COLLECTED DATA:
——————

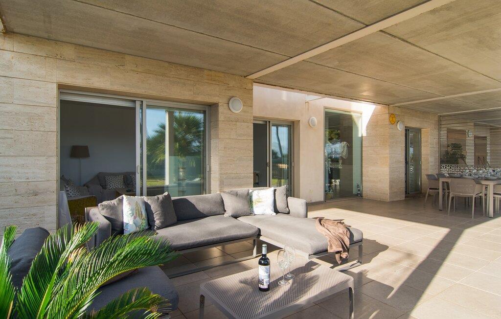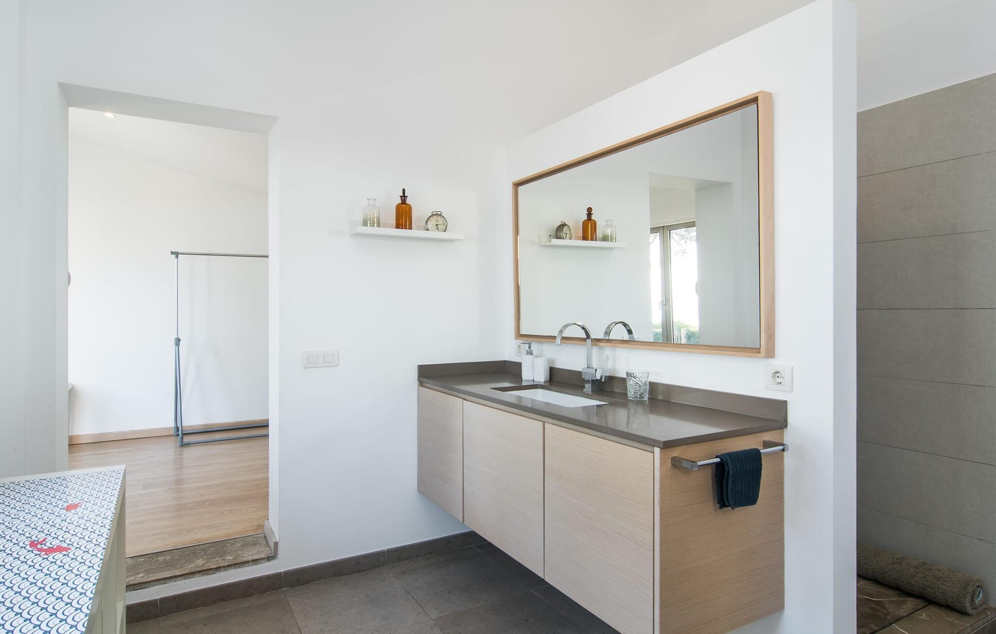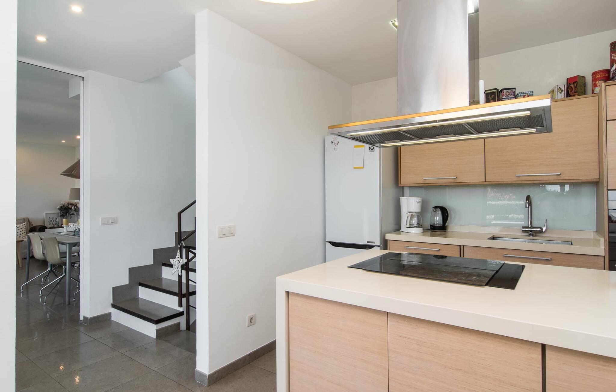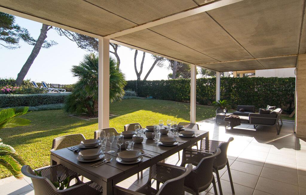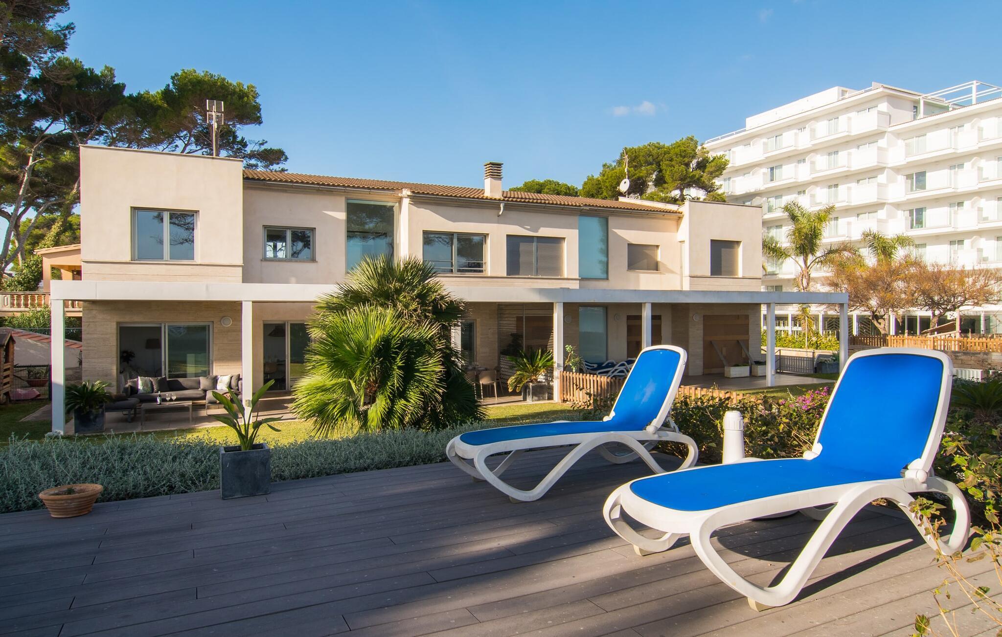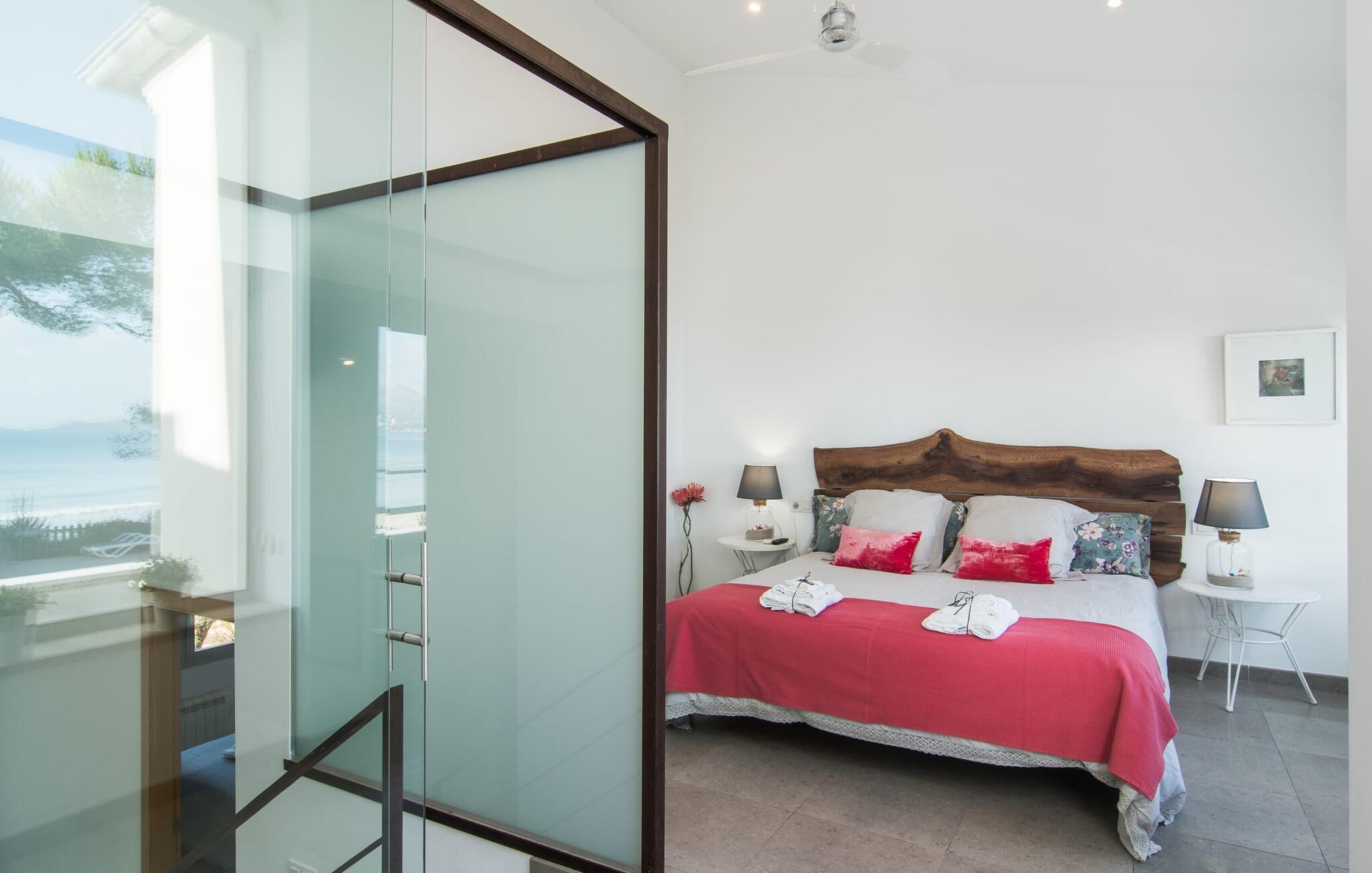 "Cristina Cladera Crespi" - I bør bestemt huske dette navn, når I bestiller jeres næste ferie. Hvis I endelig vil opfylde jeres drøm om et hus ved havet og stadig ikke vil gå glip af bylivets fordele, er I kommet til det rigtige sted. Selvom I deler den usædvanligt attraktive beliggenhed med jeres naboer, får de fænomenale udsigter jer hurtigt til at glemme dette. Den moderne villa med havudsigt med kubiske arkitektoniske specifikationer er stort set orienteret mod havet og foret med fyrretræer. Fra udearealet kan I nyde den uhindrede udsigt over sandstranden og Middelhavet. Liggestolene ligger over klitgræsset og giver følelsen af en privat strandklub. Kun en port adskiller jer fra sandstranden, som I har privat adgang til. Det er særligt rart, hvis I rejser med børn, som udover græsplænen også har legeredskaber at løbe rundt på. Apropos afslapning - I kan finde det når som helst på dagen på den rummelige, overdækkede terrasse med et hyggeligt og samtidig afkølet loungehjørne og en hyggelig spiseplads, som suppleres af en grill. De talrige gulv-til-loft-vinduer og skydedøre gør det muligt for ydersiden at smelte sammen med indersiden. På den ene side gavner dette især æstetikken i et interiør i hvid stil med vægt på den moderne tidsånd. Til gengæld er det også meget praktisk i hverdagen. Den klassiske, lyse og venlige opholdsstue har endnu en spiseplads. Gangen fører til det fuldt udstyrede køkken - dette behageligt åbne rumkoncept giver også mulighed for visuel adskillelse. Da I kan få adgang til den skyggefulde veranda direkte fra køkkenet, er den bevidst valgte selvforsyning et fantastisk projekt for venner og familie - alle er med og nyder det. Med tre soveværelser fordelt på to plan har I et sommerfrisk paradis i enhver konfiguration, som også tiltrækker med overkommelige priser og et opvarmet værelse, især i lavsæsonen. På 1. sal er der to soveværelser med et flot designet badeværelse med bruseniche. En tilsyneladende flydende trappe fører til næste etage. Omklædningsrummet og badeværelset en suite fører til det tredje soveværelse. Hvis I ikke er overbevist endnu, skal I måske bare selv tage dertil. Havudsigt – det er højdepunktet i den moderne byvilla "Cristina Cladera Crespi", som kombinerer urban flair med privat adgang til strand og hav. Det familievenlige hus har en populær beliggenhed ved Alcúdia-bugten i kystbyen Playa de Muro. I nyder godt af korte afstande til jeres daglige indkøb, da butikker og marked også er inden for gåafstand. Samtidig har I stranden lige uden for døren, som indbyder til lange gåture og forfriskende svømmeture.
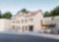 Multi-family residential building on a hill, currently under construction, featuring three modern apartments, including one maisonette, with on-site parking.
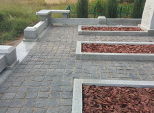 В качестве основного материала был выбран серый гранит, этот сорт гранита называется мансур. В качестве гранитной брусчатки выбран сорт черного гранита – габбро-диабаз, именно такой цвет имеет гранит, если поверхность шероховатая.

——————

TASK REQUIREMENTS: Go back to the line that contains "Multi-family residential building" and copy it, along with each line after it through the end of the listing above, exactly and without pictures.

WRITTEN REPLY:
 Multi-family residential building on a hill, currently under construction, featuring three modern apartments, including one maisonette, with on-site parking.
 В качестве основного материала был выбран серый гранит, этот сорт гранита называется мансур. В качестве гранитной брусчатки выбран сорт черного гранита – габбро-диабаз, именно такой цвет имеет гранит, если поверхность шероховатая.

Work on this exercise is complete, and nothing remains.